The closure of the 198 Youth Centre at the end of next month has sparked protests and marches. The service with about 1000 clients has provided free sexual health, mental health and GP services for 15 years.

It needs about $700,000 to keep running but Canterbury District Health Board funding for 2009/10 fell from $550,000 to $460,000, The Press reported. This year, the board signalled a move to a new youth one-stop shop.

The looming closure of Christchurch's Refugee and Migrant Centre is a further blow to the city's needy groups.


The Tairawhiti District Health Board's decision to award mental health support contracts to the Auckland-based Challenge Trust means a $400,000 budget cut for existing provider Turanga Health and the loss of 15 jobs. Respite and rehabilitation services leading to jobs or training will be cut back, says Turanga chief executive Reweti Ropiha.

But Tairawhiti CEO Jim Green says the decision is not cost-driven but aims to provide a wider range of services for the same money. He says the move will mean people get better support with more emphasis on recovery.

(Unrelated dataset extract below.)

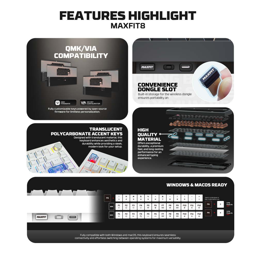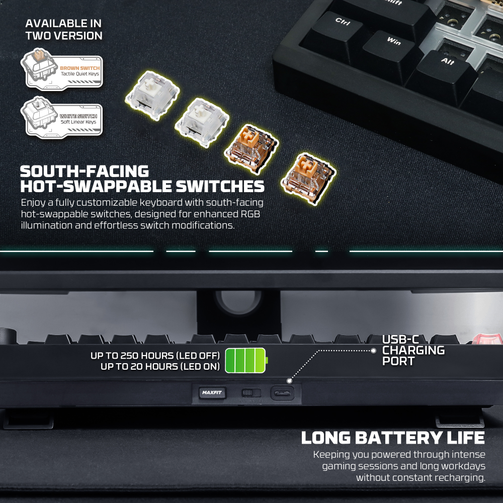 Tastatura Mehanicka Gaming Fantech MK921 Maxfit 8 Wireless beli (white) white switch

He says Turanga will continue as a Maori provider.


ADHB funding and planning manager Robert Ford says about a third of the board's mental health budget goes to community based agencies and funding has grown by about 7 per cent a year between 2006 and 2009. He says line-by-line reviews are not unusual and it's sensible that boards are prudent with public money and seek to get the best from services.

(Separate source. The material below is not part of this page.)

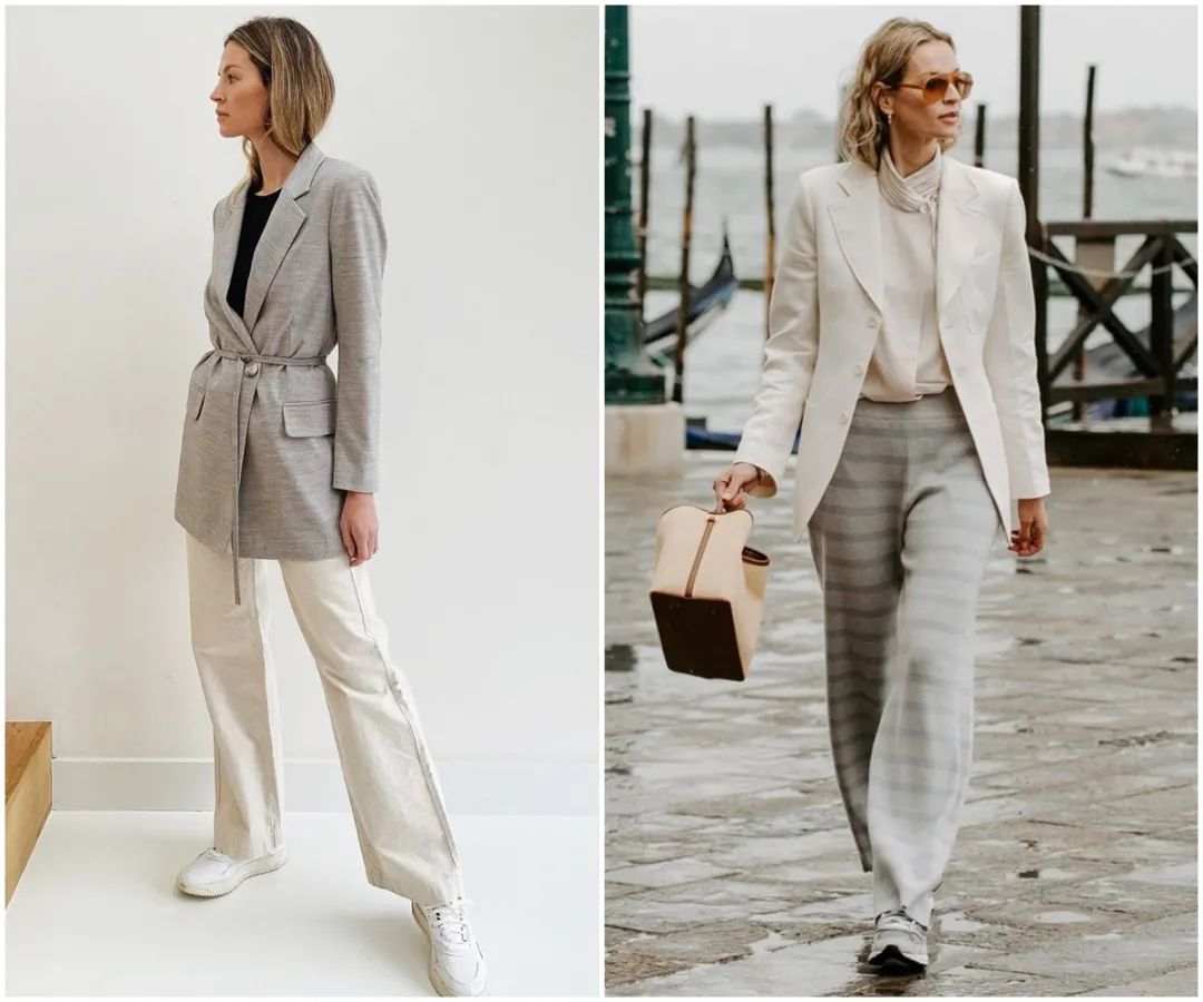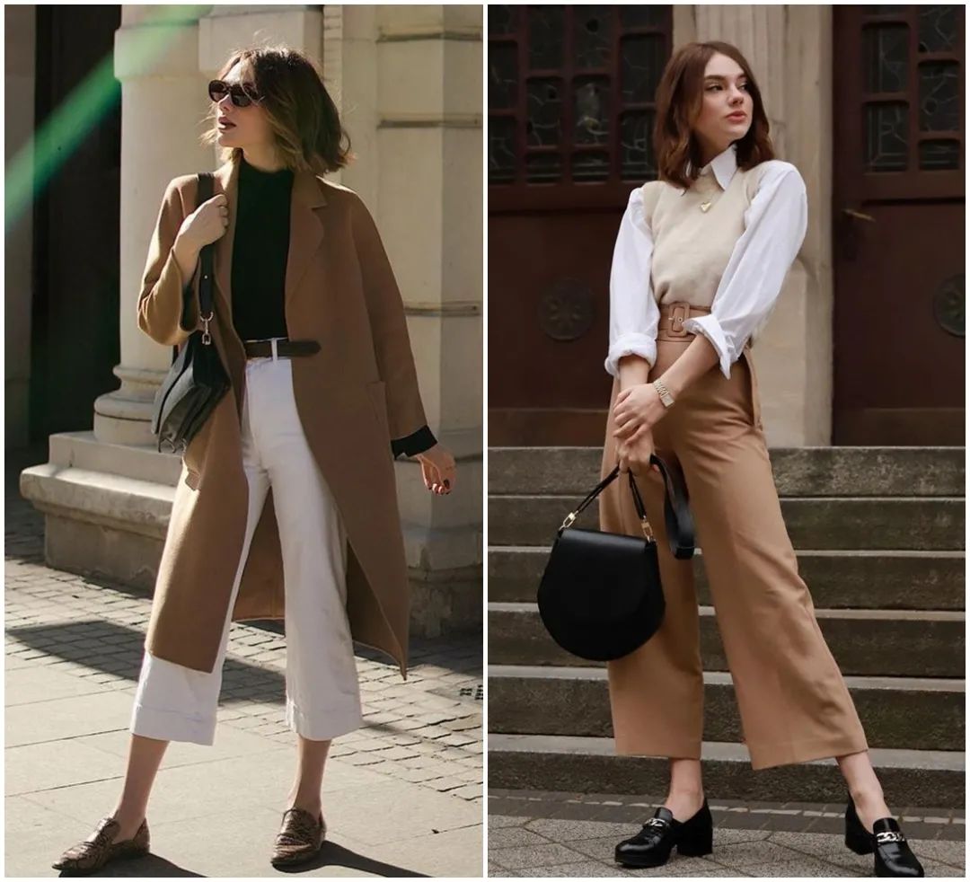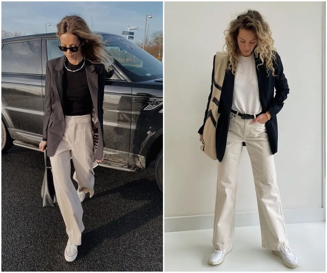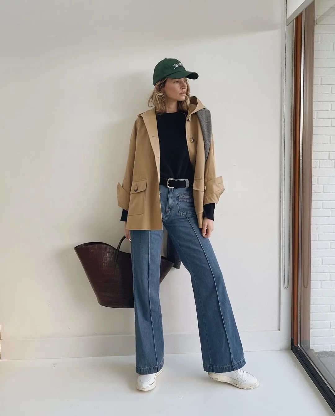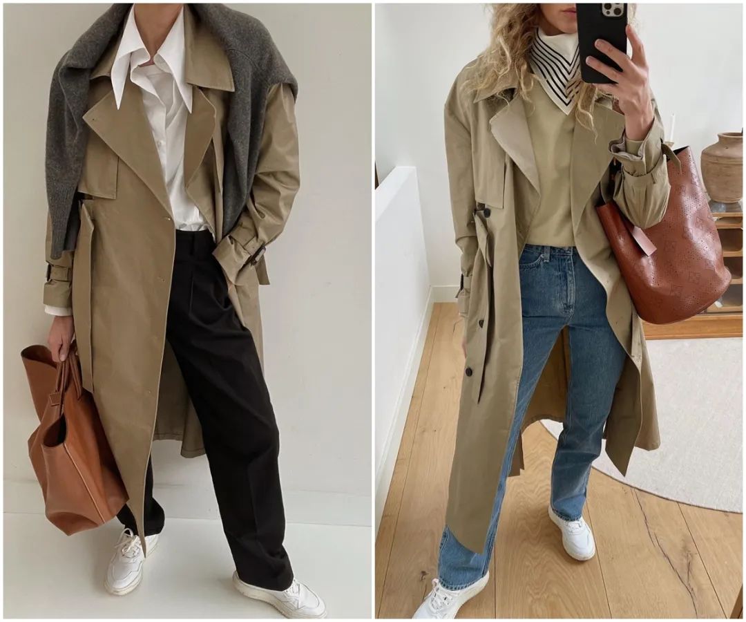 同样的单品,她总能穿出新意。拿小白鞋来说,上班用风衣搭配阔腿裤(左),周末把下装换成牛仔裤(右),轻松实现两种风格切换。▼

Ford says the Auckland, Waitemata and Counties Manukau DHBs try to be consistent and have moved contracts from one-year to three-year terms. He expects funding for 2010/11 to be similar to this year's and the board is not looking to make any cuts based on financial constraints.


Louise Carr is CEO of Pact Group, which provides mental health services in Otago, Southland and the West Coast. Carr is also an Otago DHB member. She says there's no pressure to limit or rationalise contracts in her area.

She says the Government has asked DHBs to try to move some secondary (hospital) services to community providers where it's cheaper.